The directive also sets strict requirements for brokers seeking to provide margin trading facilities. A securities broker must have a minimum paid-up capital of Rs 200 million. The broker must be a clearing member and also operate as a depository participant. Furthermore, brokers are required to obtain prior approval from the stock exchange before offering margin trading services.

Under the new framework, investors must deposit at least 30 percent of the market value of shares as an “initial margin” before initiating margin trading. After the transaction, a minimum “maintenance margin” of 20 percent must be maintained.

If the share price falls and the maintenance margin cannot be sustained, the broker will issue a “margin call” to the investor. Should the investor fail to deposit the required amount after receiving the margin call, the broker has the authority to sell the shares purchased under the margin facility to recover dues.

However, investors are allowed to maintain the maintenance margin not only in cash but also by pledging listed ‘A’, ‘B’ and ‘G’ class shares as collateral. Such shares will be valued at 60 percent of their prevailing market price for margin purposes.

The directive permits brokers to provide margin trading facilities up to five times their net worth. Brokers may use their own resources, loans obtained from banks and financial institutions, or unsecured loans from directors to finance margin trading.

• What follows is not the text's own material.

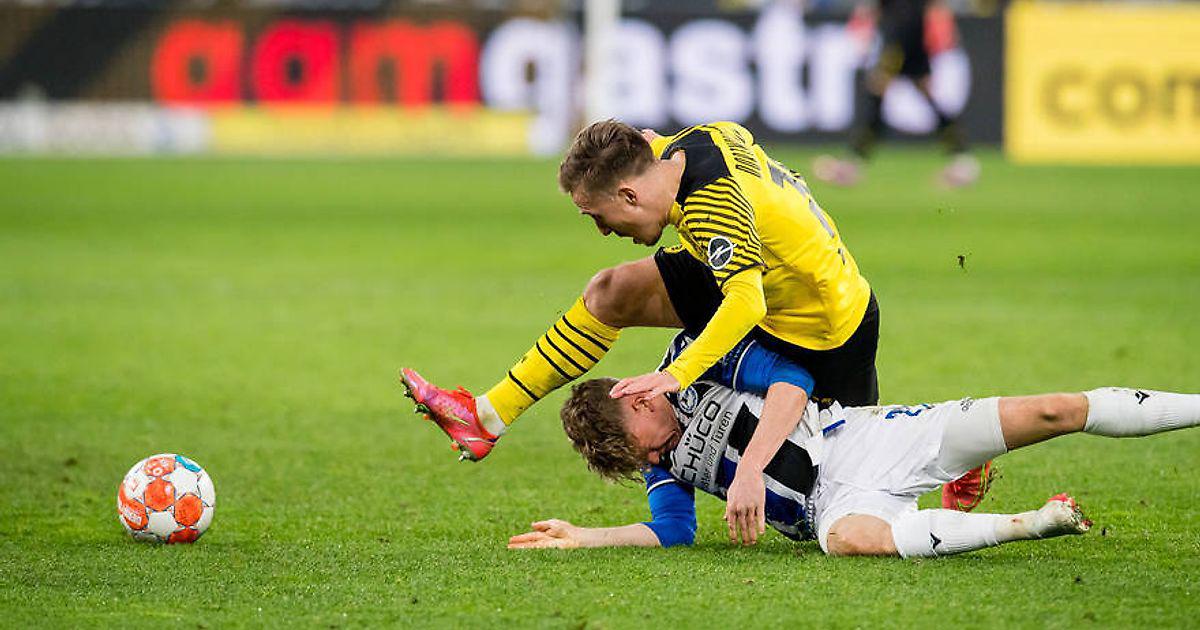 Но «Арминия» тоже не дремала и при первой же возможности старалась искать пути к чужим воротам. На 14-й минуте Окугава в окружении четверых игроков в черно-желтой форме с 16 метров пробил прямо в Кобеля. А на 15-й минуте после розыгрыша углового Шепф с правого фланга навесил в штрафную на набегавшего Ласма, который опередил опекавшего его Витселя и с 9 метров головой пробил в руки Кобелю.
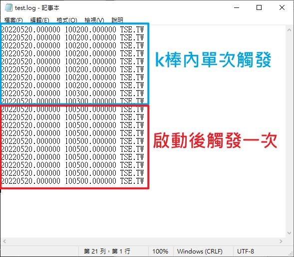 不過逐筆洗價的執行似乎不會記錄c0的改變,導致在同一個週期的k棒仍然重複print

To mitigate concentration risk, the directive stipulates that no single client or related family members may be extended margin facilities exceeding 10 percent of the broker’s total margin limit. The maximum tenure of the facility will be one year, with provisions for renewal.

Investors seeking to engage in margin trading must open a separate margin trading account and a margin trading beneficiary account through their broker.

Brokers are authorized to obtain consent letters from investors to operate these accounts. Such authorization can only be used for selling shares or settlement purposes in cases where the investor fails to meet margin requirements.

To ensure transparency, brokers must submit daily reports of margin trading transactions to the stock exchange, which in turn will publish the details on its website. The directive also mandates annual audits of margin trading activities, with brokers required to submit audit reports to both the Board and the stock exchange.